DIRECTIONS FOR THIS TASK:
Only the lines from the first line of the data through the line containing "Adapun Pejabat yang" belong in the answer, transcribed exactly; pictures do not.

DATA SUPPLIED:
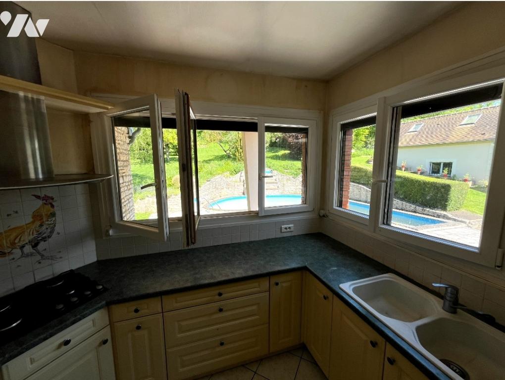 Maison avec piscine située à GENAINVILLE, proche de Magny-en-Vexin et Cergy-Pontoise, comprenant :
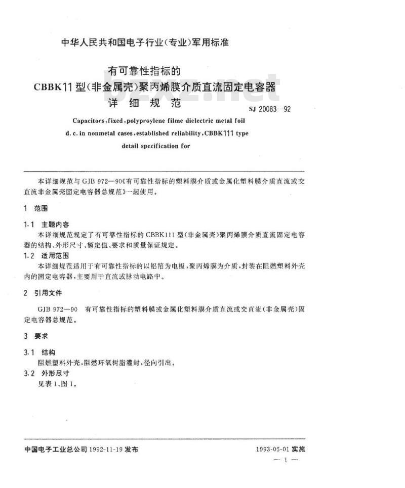 - SJ 20083-1992 有可靠性指标的CBBK111型(非金属壳)聚丙烯膜介质直流固定电容器详细规范
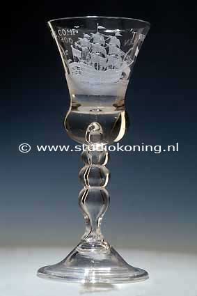 Geraveerd glas met het VOC schip "De Amsterdam".
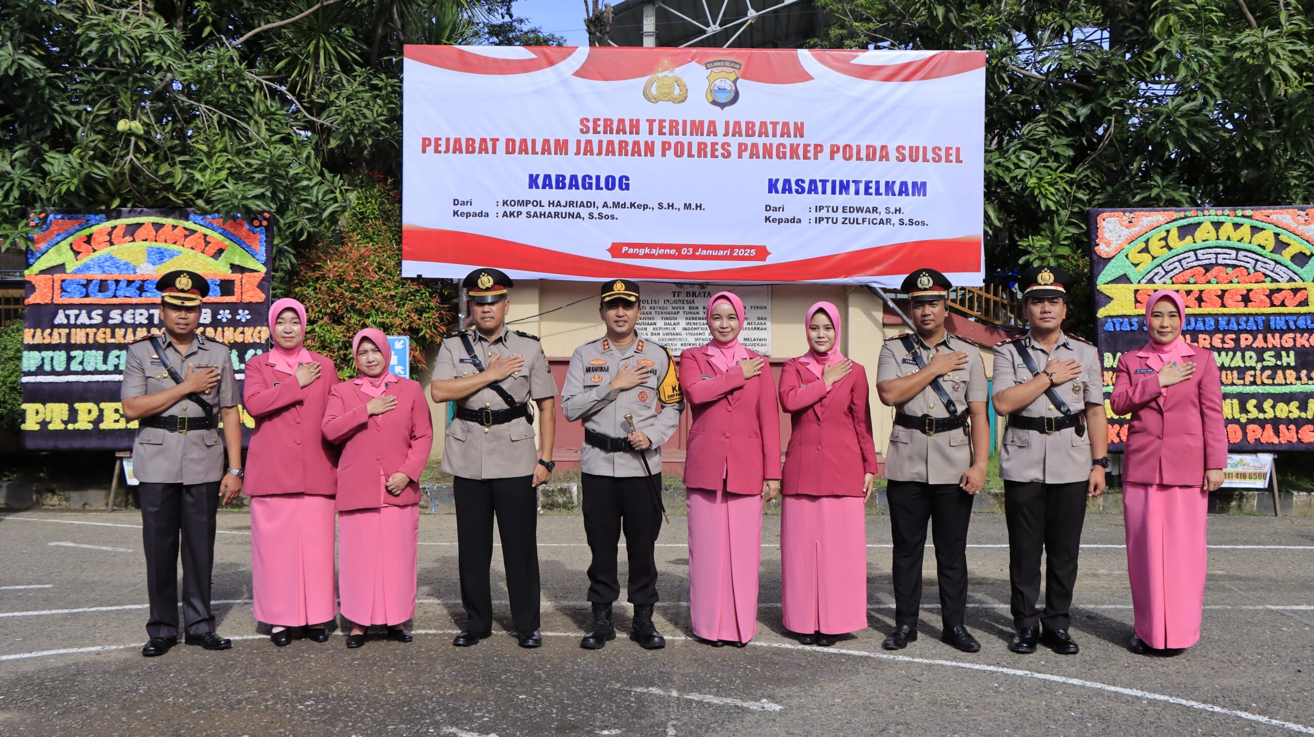 Adapun Pejabat yang Diserahterimakan yakni Kompol Hajriadi, A.Md.Kep., S.H., M.H., kepada AKP Saharuna, S.Sos., sebagai Kabag Logistik Polres Pangkep dan Iptu Edward, S.H., kepada Iptu Zulficar, S.Sos., M.Si., sebagai Kasat Intelkam Polres Pangkep.
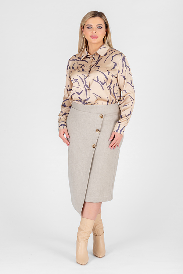 Юбка прямого силуэта из костюмной ткани с узором в «ёлочку». Изделие с запахом, зафиксированным в области талии и декоративными пуговицами. Сзади по среднему шву застёжка-молния. Изделие без пояса, верхний срез обработан обтачкой.
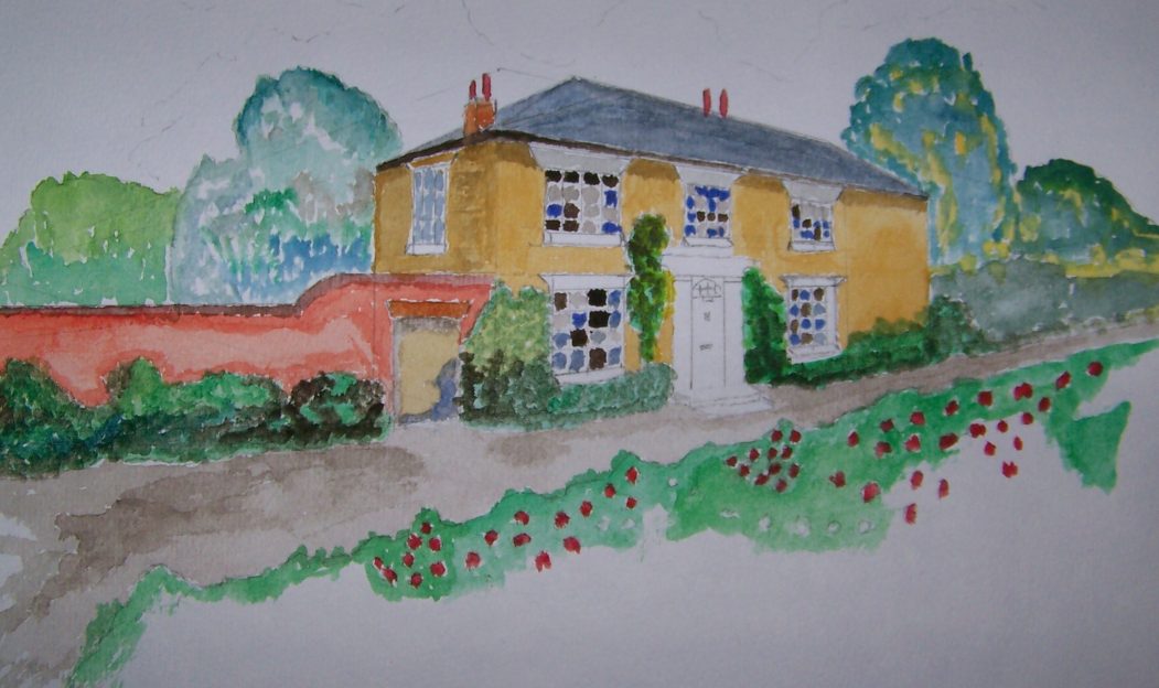 Aquarel op papier " Engels landhuis " VERKOCHT
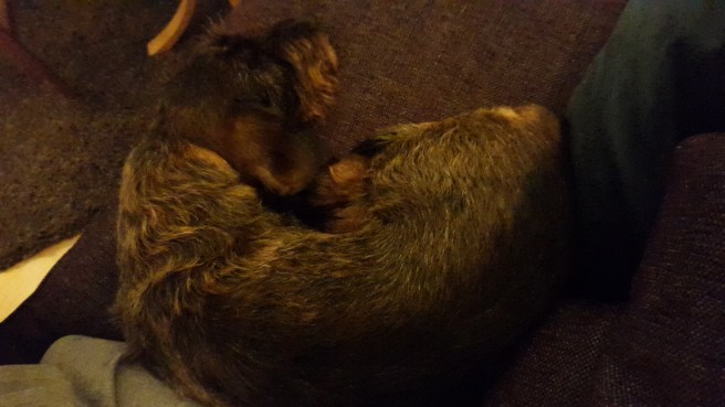 Vi kollade på en film, Laxfiske i Jemen. Och Buster gick mellan oss och blev gosad med.

ANSWER AREA:
 Maison avec piscine située à GENAINVILLE, proche de Magny-en-Vexin et Cergy-Pontoise, comprenant :
 - SJ 20083-1992 有可靠性指标的CBBK111型(非金属壳)聚丙烯膜介质直流固定电容器详细规范
 Geraveerd glas met het VOC schip "De Amsterdam".
 Adapun Pejabat yang Diserahterimakan yakni Kompol Hajriadi, A.Md.Kep., S.H., M.H., kepada AKP Saharuna, S.Sos., sebagai Kabag Logistik Polres Pangkep dan Iptu Edward, S.H., kepada Iptu Zulficar, S.Sos., M.Si., sebagai Kasat Intelkam Polres Pangkep.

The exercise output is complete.